Dunkler Sog eines Sprachspielers
Erstausstrahlung im ORF: 22. November 2022
Erstveröffentlichung auf ORF Topos: 28. November 2022
Sprache zu hinterfragen und herauszufordern ist Michael Stavaričs Metier: Der österreichisch-tschechische Autor – oder tschechisch-österreichische, wie ihn die Tschechen umgekehrt gerne nennen – brilliert in seinen Romanen mit großer Sprachgewandtheit und düsterem Sog. Daneben schreibt er Kinderbücher, in denen sich Getier wie Blutegel, Krake und Eichelhäher tummelt.
»Ohne diese Mehrsprachigkeit bin ich mir gar nicht sicher, wie weit ich mich mit Literatur auf diese Art und Weise auseinandergesetzt hätte«, sagt Stavarič im ›Archive des Schreibens‹-Gespräch. Stavarič, 1972 geboren, kam als Siebenjähriger aus dem tschechischen Brünn ins Weinviertler Laa an der Thaya, ohne ein einziges Wort Deutsch zu sprechen. Kein Wunder, dass er, wie er sagt, im Aufwachsen durch mehrere »Sprachkrisen« durchmusste – was er retrospektiv aber als fruchtbare Erfahrung sieht.
Seit über 20 Jahren erlaubt ihm das Fehlen gewisser Automatismen und Selbstverständlichkeiten, freier auf die Sprache zuzugehen: »Ich glaube, wenn man mehrsprachig aufwächst, erachtet man Sprache als etwas anderes, als wenn man immer nur eine Sprache zur Verfügung hat«, so der Autor, der sich als lustvoller Sprachspieler eindeutig in der Tradition der österreichischen Avantgarde versteht. Stavarič habe »deutschsprachige Gegenwartsprosa auf sprachlich originelle Weise bereichert«, hieß es 2012 auch in der Jurybegründung des renommierten Adelbert-von-Chamisso-Preises für deutschsprachige Literatur nicht muttersprachlicher Autoren.
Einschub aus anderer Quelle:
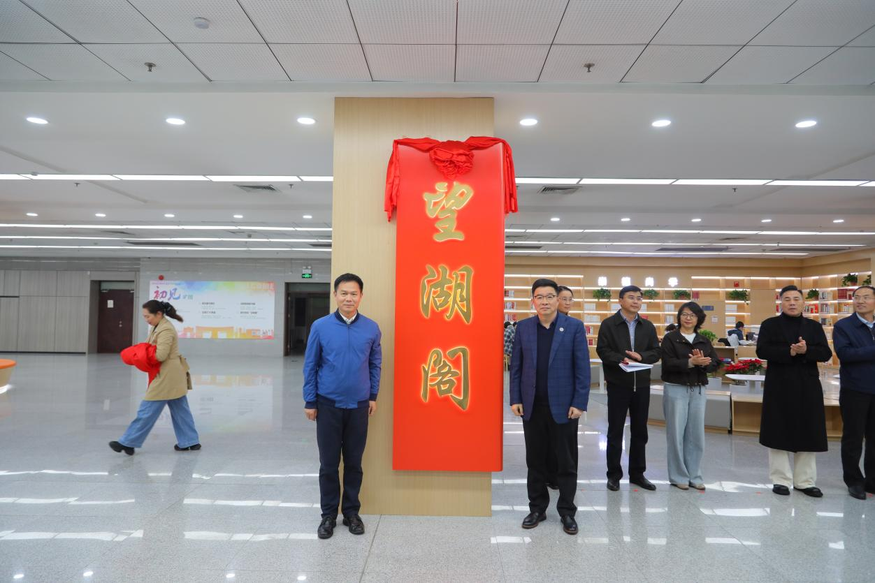 对外合作与发展处处长钟晓东、图书馆馆长王新宇共同为“望湖阁”主题阅览区揭牌

Plot-Twists und düsterer Existenzialismus
Mit 28 debütierte Stavarič mit »Flügellos«, einem Lyrikband, sechs Jahre später veröffentlichte er mit »stillborn« seinen ersten Roman. Sieben weitere folgten, zuletzt »Fremdes Licht« (2020), der mit düsterem Existenzialismus und vielen Plot-Twists zwei typische Stavarič-Motive verband. Angesiedelt im 24. Jahrhundert in einem postapokalyptischen Setting, dreht sich die Geschichte zunächst um die Genforscherin Elaine. Als einzige Überlebende einer intergalaktischen Rettungsmission ist sie im ewigen Eis eines unbekannten Planeten gestrandet.
In der – variantenreich buchstäblich fühlbar gemachten – eisigen Kälte trösten Elaine die Erinnerungen an ihren Großvater aus Grönland. Und in diese nördlichen Gefilde biegt dann »Fremdes Licht« im zweiten Teil ab, wo die Mission eines (tatsächlich existenten) norwegischen Polarforschers am Ende des 19. Jahrhunderts im Mittelpunkt steht. Ausführlich schildert Stavarič die von ihm erforschten Mythen, Sprachwelten und Schriftformen der Inuit – womit im Setting zwischen Exoplanetenmission und Kältedelirium für gewisse Bodenhaftung gesorgt ist. Ein Krimiplot im dritten Teil führt dann noch ins Chicago von 1893.

Stavarič polarisiert
Bei der Beschreibung von »Fremdes Licht« merkt man schon: Stavaričs Bücher lassen sich schwer in wenige Worte fassen. Konfektionierte Plotstrukturen interessieren ihn nicht, was ihn mit seinem großen Landsmann Milan Kundera verbindet. Und so ging es auch im Vorgängerroman »Gotland« (2017) um einen Autor aus streng katholischem Elternhaus, der mit einem aberwitzig-genialen 70.000 Seiten starken Buchkonstrukt seine Leserinnen tötet, reichlich Andeutungen und viel Abgründiges, das zwischen den Zeilen lauerte. Konnte man dem Gelesenen da überhaupt trauen?
Stavarič jedenfalls polarisiert. Die einen halten seine Bücher für »unlesbar« (Neue Zürcher Zeitung), das »Feuerwerk an Andeutungen« lasse Leserinnen und Leser »ratlos« zurück, kritisierte die Frankfurter Allgemeine Zeitung etwa 2011. Andere schwärmen wiederum von einem »phantasmagorischen Erzähl- und Leseabenteuer« und einer seinesgleichen suchenden Bereitschaft, bei jedem Buch ein »neues erzählerisches Experiment zu wagen« (Deutschlandfunkkultur).
Und kaum einer bestreitet Stavaričs Talent für Abwegiges und Groteskes. Viel Lob in dieser Hinsicht erntete »Königreich der Schatten« (2013) über eine junge Wienerin, die in Leipzig das Fleischerhandwerk erlernt und sich in den Metzger verliebt, der ihren Großvater im Zweiten Weltkrieg tötete – eine Wahl zur »Miss Fleisch« inklusive.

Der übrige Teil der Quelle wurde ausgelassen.